Где это было – теперь я совсем не могу припомнить. Помню только, что эти медленные и какие-то вялые духом буйволы остановились перед небольшим деревянным домиком, что вышла из домика невзрачная женщина, неплохо понимавшая по-русски, и после коротких наших объяснений почтительно поклонилась и провела нас в комнату с простыми тахтами и скромными коврами на стенах. С сердечным сокрушением мы подумали каждый про себя, что, может быть, это и есть сама княжна…
Закусив немного кое-чем из своего провианта, мы уже начали было внимательно вглядываться в ковры и тахты, чтобы расположиться на покой, как вдруг в невидимую дверь, завешенную ковром, как будто кто-то очень осторожно постучал. Каждый из нас подумал, что это так показалось, и в то же время уверился, что стук действительно был, не могло так всем показаться.
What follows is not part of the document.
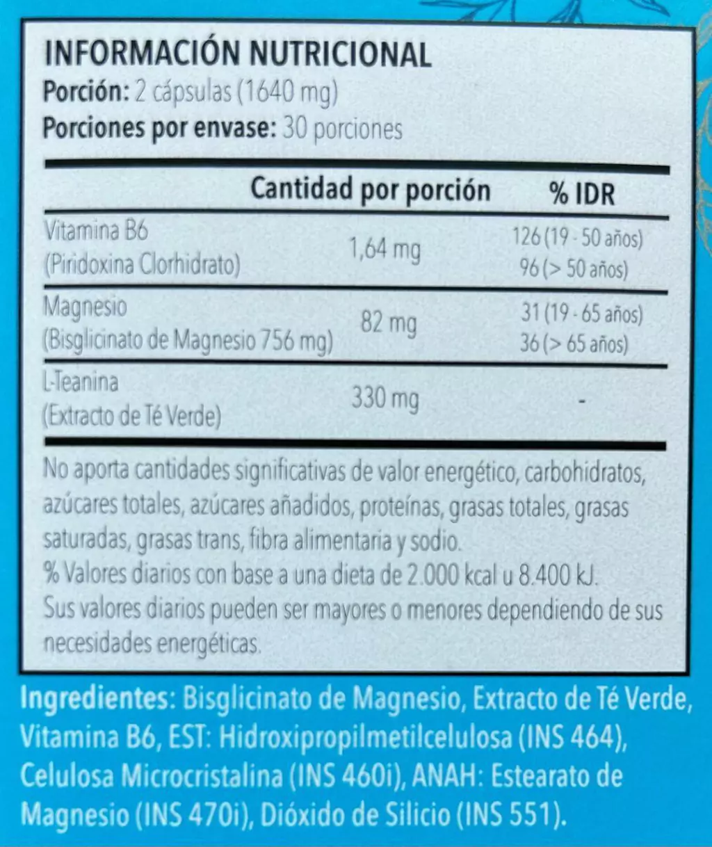 Como verás, la combinación de Teaniana con magnesio funcionan sinérgicamente, para mejorar la relación Gaba/glutamato, evitando que el glutamate supere al Gaba, esto crea el estado de relajación sin sedación que tan necesario es en la vida diaria, con todos los factores estresantes que vivimos día a día.

Молча мы смотрели туда, на скрытую дверь, и ждали. Скоро стук явственно повторился, и после нашего хорового приглашения в комнату нашу вошла та самая княжна, какую мы про себя ждали, и, может быть, даже лучше. Трудно теперь сказать, какая она была в действительности: только одно помню, что цвет лица ее был не обычный смуглый, кавказский, а светлый, и над большими черными глазами была темного бархата грузинская шапочка, и на круглые плечи от шапочки спадал белый газ, и что тут с ней пришел весь Лермонтов, и кремнистый путь под звездами, и Арагва, и царица Тамара… Она кланялась нам, улыбаясь, и сейчас же принялась нам служить: сама принесла вино и сыр с травами и что-то еще, и еще, а когда мы поели, носила нам подушки, белье, одеяла.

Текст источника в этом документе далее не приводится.